Amoeba

I was on my knees yesterday, elbow deep in muddy water, cleaning out my pond and generally having a good think; and the question that occurred to me as I was rescuing the last frog from the fetid depths was, ‘Why aren’t I Plum Sykes?’

As I sat with the Sunday papers that morning, devouring toast with crunchy peanut butter and idle gossip with equal relish, I read about a rich English socialite called Plum Sykes. She’s just written a book, and apparently said book got her a fat £350,000 advance. What’s the book about? Well, obviously an advance of the magnitude would suggest a ground-breaking work of staggering genius, so I read on, eager to know what I was doing wrong. And then it came to me - I’ve got to stop writing books on bereavement and start writing something really useful. I’m going to copy Plum, and write about vacuous New York blondes who visit Bergdorf Goodman to get their highlights done. Plum’s book ‘Bergdorf Blondes’ has apparently taken New York by storm, and I can see why. People clearly want to read that kind of stuff – they don’t want to read about bad things like death and loneliness, because they really aren’t that important in the grand scheme of things; but getting a French manicure and choosing the correct shade of bootie for your Yorkshire terrier, now those are things that can really make a difference to the world.
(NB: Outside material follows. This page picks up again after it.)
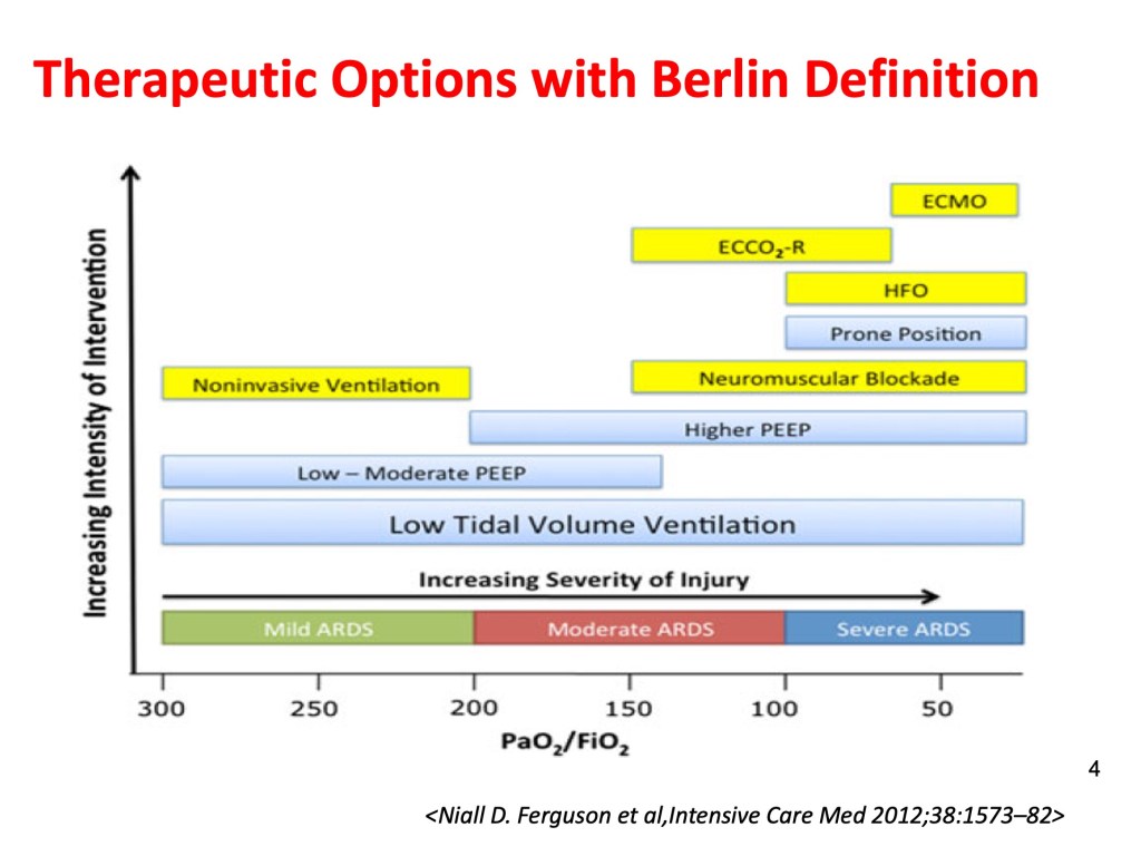 目前處置方式是針對致病原因加以治療,良好的保護性呼吸器設定(lung-protective ventilation strategies with low tidal volume and adequate PEEP)和俯臥(prone position),若仍然嚴重低血氧則可考慮rescue therapy,如ECMO(葉克膜)等。ARDS目前仍沒有良好指標可以準確診斷及預測疾病發展或惡化。未來方向可考慮以precision medicine方式,結合生物或臨床指標等將病人分群(subphenotypes),以期能及早診斷,預測疾病進展及治療來降低死亡率。

After all, nobody wants to see an incorrectly dressed lap dog – it’s almost as distressing as finding the deli has run out of Shitake mushrooms, or discovering that your fabulously rich boyfriend is wearing a clip-on tie.
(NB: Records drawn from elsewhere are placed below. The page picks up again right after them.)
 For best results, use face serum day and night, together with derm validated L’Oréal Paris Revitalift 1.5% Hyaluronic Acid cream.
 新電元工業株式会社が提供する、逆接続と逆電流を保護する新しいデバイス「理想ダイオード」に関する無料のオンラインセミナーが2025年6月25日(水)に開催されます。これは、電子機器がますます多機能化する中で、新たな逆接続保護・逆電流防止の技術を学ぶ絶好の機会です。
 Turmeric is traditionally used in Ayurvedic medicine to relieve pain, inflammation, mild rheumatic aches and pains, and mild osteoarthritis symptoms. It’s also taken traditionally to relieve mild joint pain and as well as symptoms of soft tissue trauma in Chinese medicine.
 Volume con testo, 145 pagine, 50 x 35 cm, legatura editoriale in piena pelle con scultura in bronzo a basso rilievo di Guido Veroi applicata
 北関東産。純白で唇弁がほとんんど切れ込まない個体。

My name is also clearly an impediment. I don’t think I could hope to mingle with the cream of New York society with a boring name like Kate, so I’m going to combine a suitably fruity Christian name, with a book about a woman who breaks a nail whilst saving the life of her choking toy poodle with the Heimlich manoeuvre. ‘Damson In Distress!’ will be a rip-roaring rollercoaster of a novel, chronicling the rise and rise of a girl who knows what’s really important in life. Damson is a girl who knows that it’s far more socially acceptable to be seen carrying the Ebola virus than last season’s handbag. She’s a girl who understands that vacuous self-obsession is a good thing – you can walk around in a catatonic post-lobotomised state, spouting gibberish and looking vacant, because you have Louis Vuitton and Manolo Blahnik to do all the talking for you. Life is good when you’re rich and blond. Which leaves me with one small problem – I’m neither.
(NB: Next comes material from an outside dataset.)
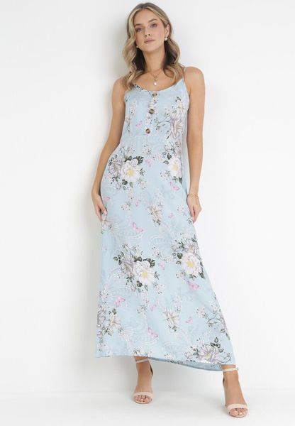 Jasnoniebieska Sukienka Maxi na Ramiączkach Philandia
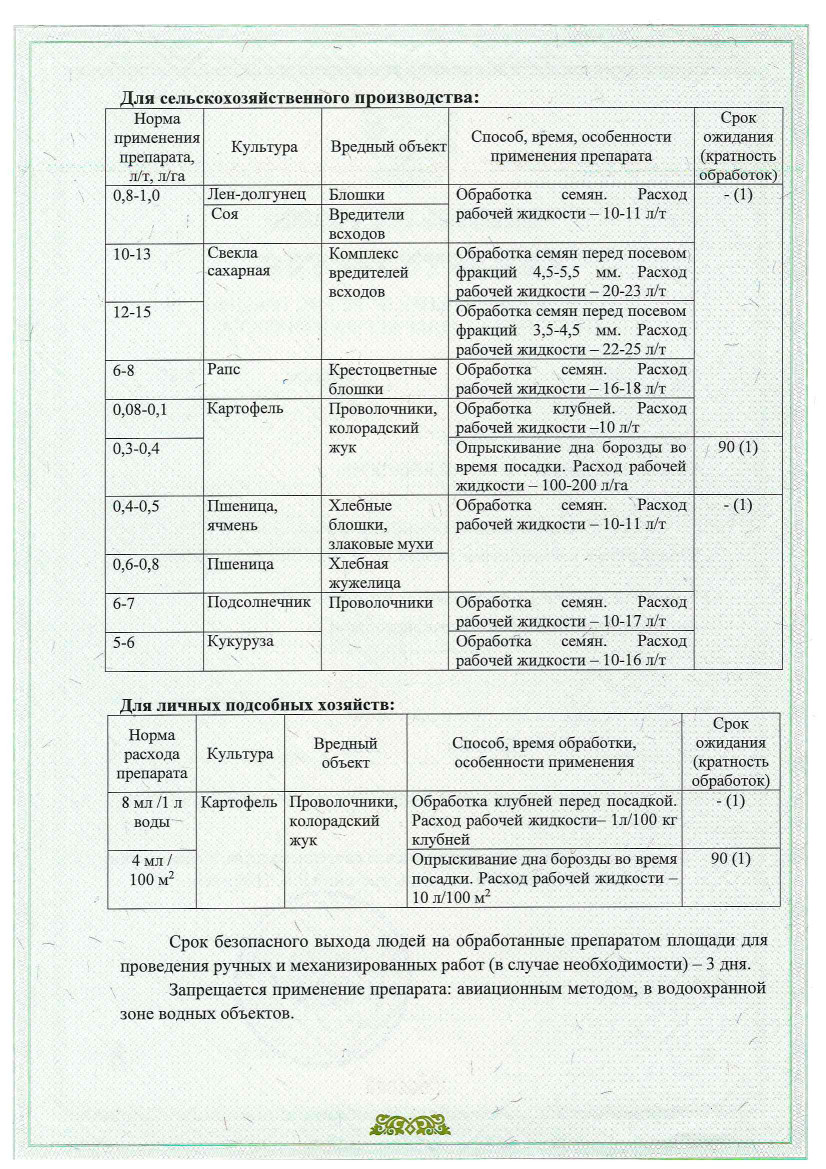 Используется в виде баковой смеси, которую легко приготовить самостоятельно, следуя инструкции. Рабочий раствор представляет собой однородную суспензию красного цвета. Упаковка рассчитана на обработку 50 кг посадочного картофеля.

What have I got to crow about anyway? All I do is write about cleaning out my pond and being a failed author, and that just makes me a bitter little nobody with muddy knees and happy goldfish. But I figure that as long as you are happy to read about my unimpressive, unimportant little life, then I’ll continue to chronicle it. (It may interest you to know that I don’t get my highlights done at Bergdorf Goodman - in fact I have never had my hair dyed, which is as startling as it is sad) And despite not being rich and blond I do have something to look forward to this morning – I’m getting a garden shredder! I bought it off E-Bay and I’m looking forward to adding it to my impressive collection of power tools and instruments that can damage my digits. I’m going to start by turning all the spare twigs and brambles in my garden into lovely, useful chippings, and then I’m going to throw in a book called ‘Bergdorf Blondes’ and turn it into fodder for single cell organisms, which I’m sure is just who it was written for in the first place.